My phone is buzzing in my purse. It’s a text message.

I pull it out and realize that I’ve missed several messages. Two from Seth, and five from Caleb, all asking where I am. I text them both that I found Dawn, but not our exact location. I’m not even entirely sure how to describe where we are.

“Hey,” I say to Dawn, “Caleb and Seth are looking for us. We should head back.”

She frowns. “What happens next?”

That’s a great question. The first thing I would like to do is march Dawn right back to the police station so Santoro can see she is still alive—that I’m not a cold-blooded murderer who bullied my coworker and killed her when she discovered I was allegedly stealing money. I want to hear him tell me that all the charges have been dropped.

Unless he plans to pin the murder of that stranger on me.
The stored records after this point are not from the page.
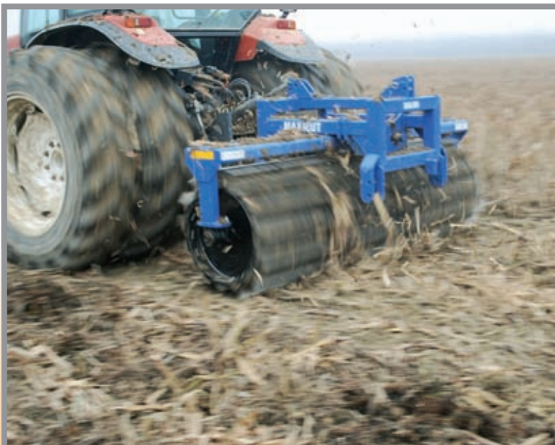
MaxiCut 300 - can be rear or front mounted.

Maxicut is an implement, which is developed to cope with the residual plants on the surface of the ground, without destroying the roots.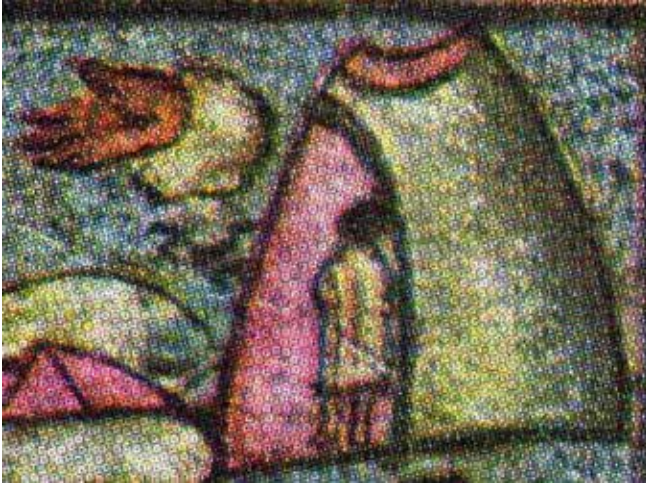
Figure 11. Detail from the Torah shrine of the Dura Europos synagogue. 213

Abraham, provides instructions to him about what to say at the veil, and promises to remain with him, “strengthening” him, as he comes into the presence of the Lord. 212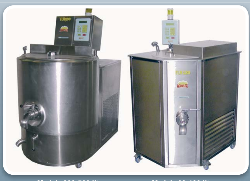
Models 300-500 litres

Agriflex has designed the FLN Automatic fermenter to prepare natural yeast without the need of an expert baker, in 4 models of different capacities on the basis of the customer's production requirements.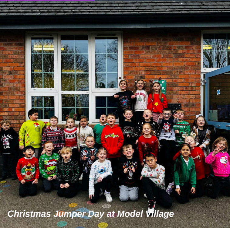
Christmas Jumper Day at Model Village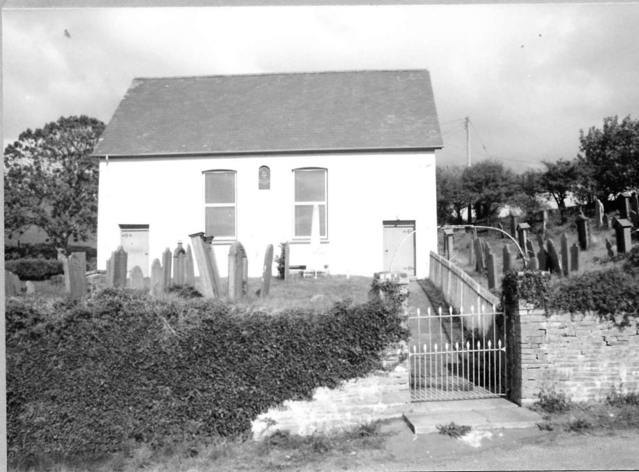
SILOAM, Ferwig: the Jenkins graves are grouped in the top right corner of the picture.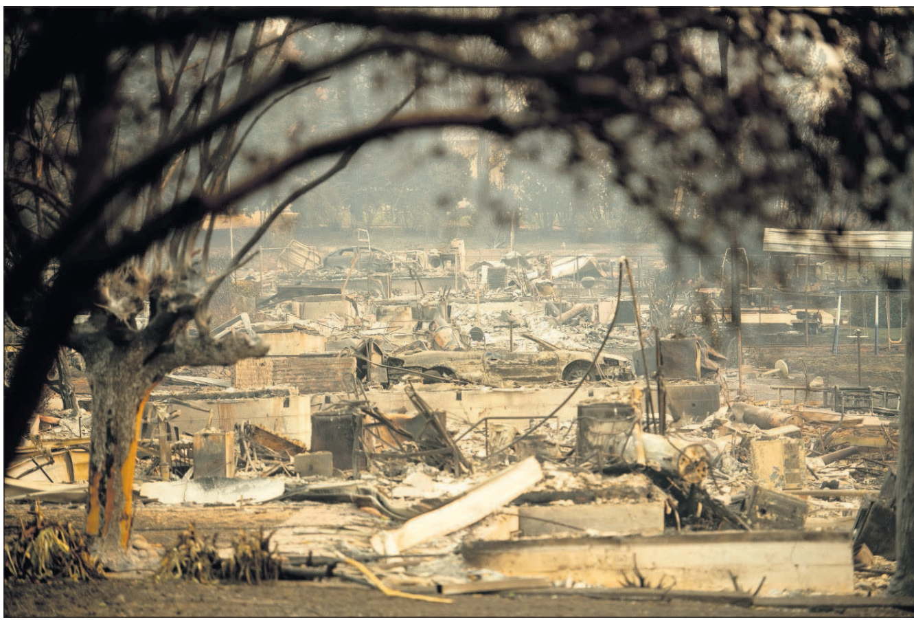
Leveled residences line a block following the Camp Fire in Paradise, Calif., on Monday.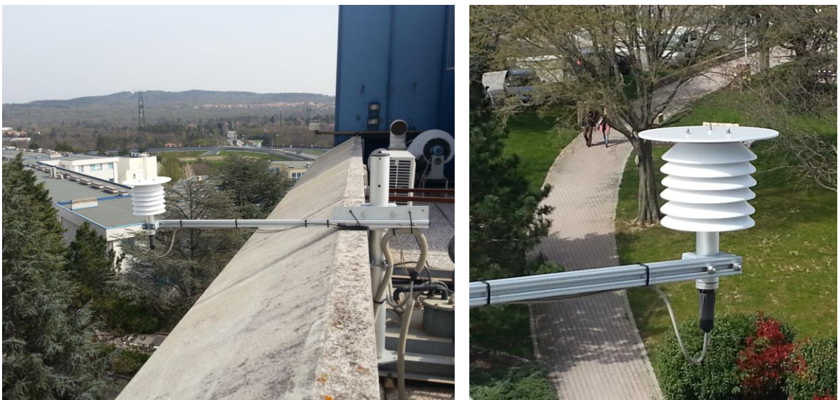
Fig. 6 - La stazione meteorologica Nesa: termoigrometro UTA-N.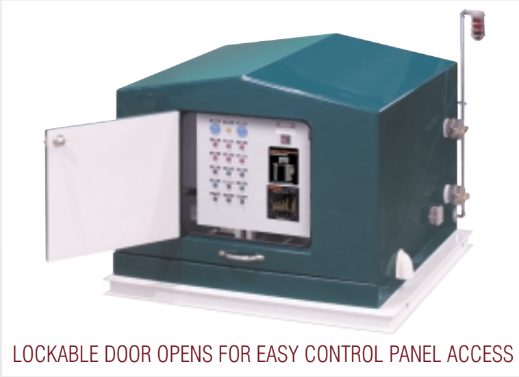
LOCKABLE DOOR OPENS FOR EASY CONTROL PANEL ACCESS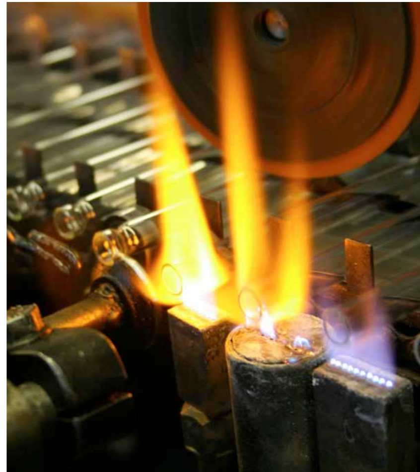
Anchor Rand - glass blown with Egoli Gas

Frankly, I wouldn’t put anything past him.

“Caleb just wants to see that you’re okay,” I tell her. “And then we’ll figure out what to do from there.”
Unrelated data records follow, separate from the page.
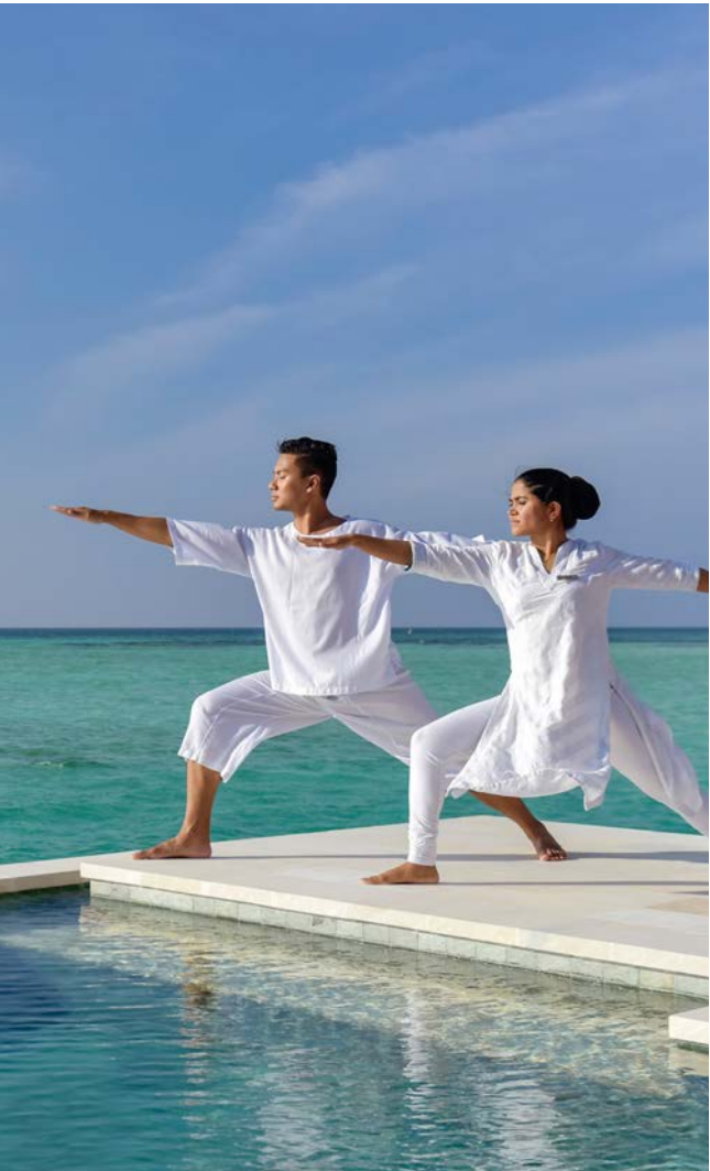
Private yoga session

Or embark on a turtle safari with our resort's resident marine biologist for an introduction to the lives of these beautiful creatures, visiting a nearby site where you can see the turtles up close.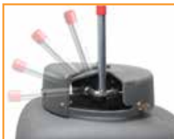
simple manual release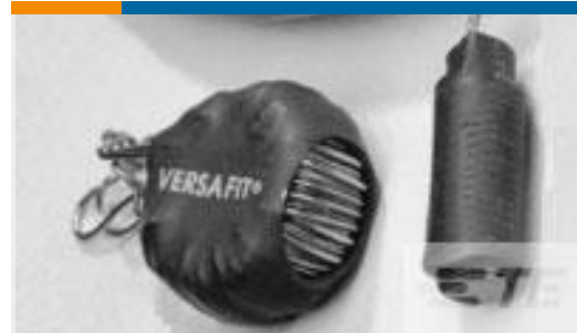
TE Part #F27156-000 VERSAFIT-MINI-SPL-1-BK

Dawn considers this for a moment. Then she struggles to her feet, wobbling a little bit before she finds her balance. Part of me is scared she might throw herself into the ocean at the last second, but she doesn’t.

“He’s going to be mad at me,” she murmurs.
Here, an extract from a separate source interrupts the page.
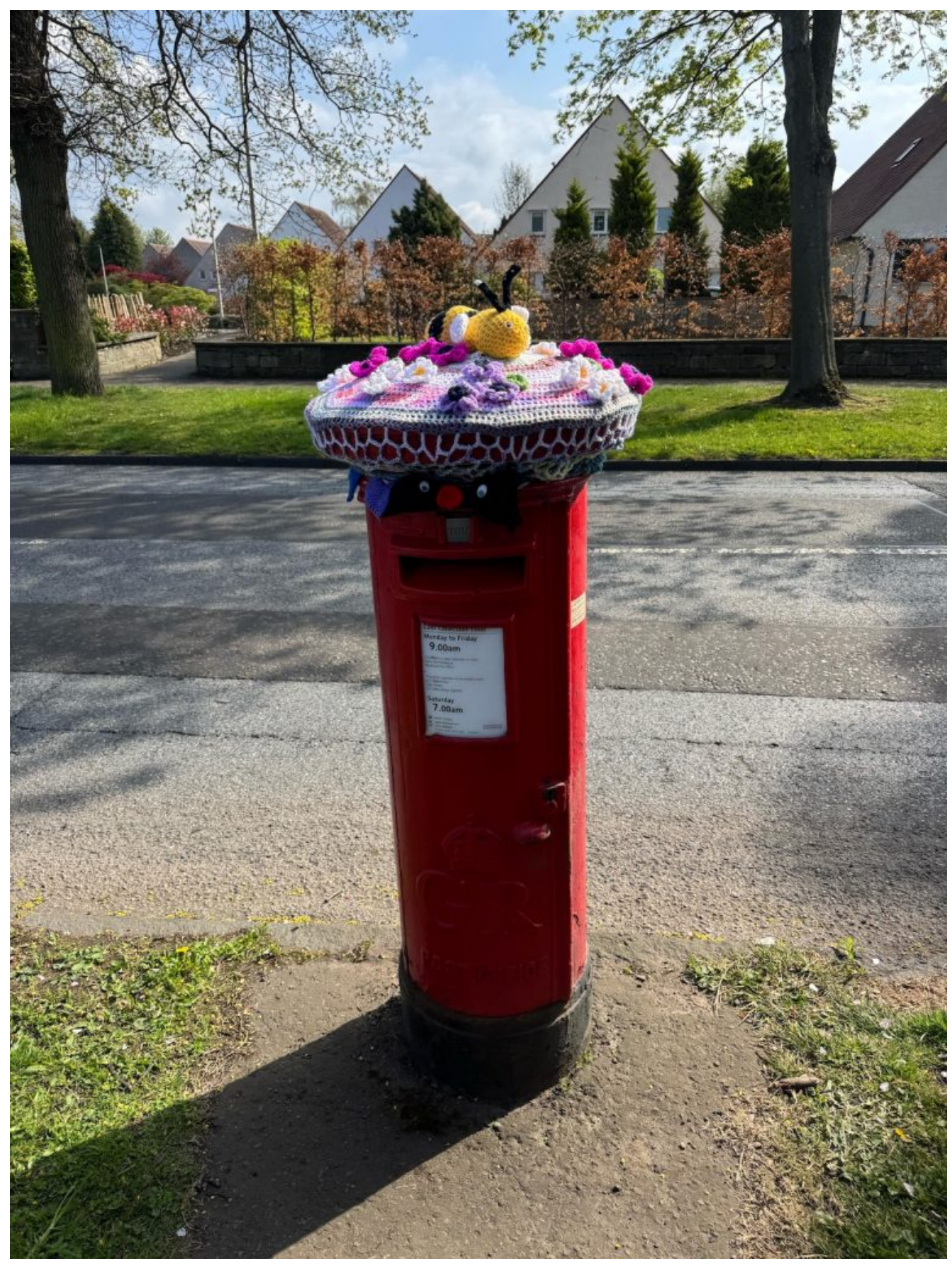
Postbox on Ravelston Dykes

“He won’t be mad. He’s just going to be relieved you’re okay.”

I turn on the flashlight on my phone so we don’t accidentally walk off the pier before we get back to dry land. I also shoot off a quick text message to both Caleb and Seth:

We are on the pier right near the Angry Crab restaurant.

 

 

Just as we get back to the main road, a pair of twin headlights approaches us. Both Seth and Caleb are here. Caleb pulls over first in his green Ford and leaps out of the driver’s seat while the car is almost still moving. His hair is disheveled and his coat is hanging open as he runs down the street to where we’re standing. Before we can even acknowledge his presence, he throws his arms around Dawn, holding her close to his chest.

“Jesus Christ.” His voice cracks. “I was so worried about you. How could you think of doing something like that? How could you, Dawn? I’d never…”

Dawn doesn’t say anything, but she hugs him back. Her skinny little fingers cling to him so tightly, I can see how white they are even on the dimly lit street. They just stand there like that, holding each other.

It makes me tear up a bit if I’m being honest.

“Nat!”

Seth has parked behind Caleb, and he’s getting out of his own car now, at a lot more leisurely pace, but he still sprints the rest of the way over to me. I’m not going to kid myself that Seth loves me the way that Caleb loves Dawn, but he’s gone out on a limb for me today. He bailed me out of jail. He drove me out to Rhode Island. He was going to foot the bill for a lawyer if it came to that. I may have underestimated Seth Hoffman.

“You okay?” he asks when he gets within comfortable earshot.

I nod, although when I wrap my arms around my chest, I realize I’m not as fine as I thought. I was in jail this morning. Dawn was about to clock me on the head with a cinderblock roughly twenty minutes ago. I am far from okay.

But I will be.

“Are you cold?” Seth tugs at the zipper of his coat like he’s going to take it off and give it to me. “You look like you’re freezing.”

“I’m a little cold,” I admit. It’s got to be thirty degrees out here—maybe less when you factor in the breeze from the ocean.

Seth doesn’t take off his coat, but he unwraps the scarf that was around his neck. He gently places it around my own neck—it’s a black fleece scarf that has a hint of Seth’s aftershave. It radiates his warmth.

“Thanks,” I say.

“You’re welcome.”

His eyes linger on mine, and I wonder if it would be inappropriate to ask if he would come home with me tonight. It’s not just that I don’t want to be alone. I want to be with him.

“Oh, hey,” he says. “Guess what? I was listening to the radio on the way over, and apparently they identified the dead body of that woman in Cohasset.”

I nod. “That’s good for her family.”

“Yeah, and I bet Santoro is going to get a lot of shit for arresting you for the murder of somebody who turned out to still be alive. They should’ve waited for the DNA to come back—they really jumped the gun.”

Yes, Santoro should have waited. But he was just too eager to nail me. All because he got bullied as a kid.

Caleb and Dawn have finally disentangled themselves. He’s got his arm around her shoulders, keeping her warm with his body heat.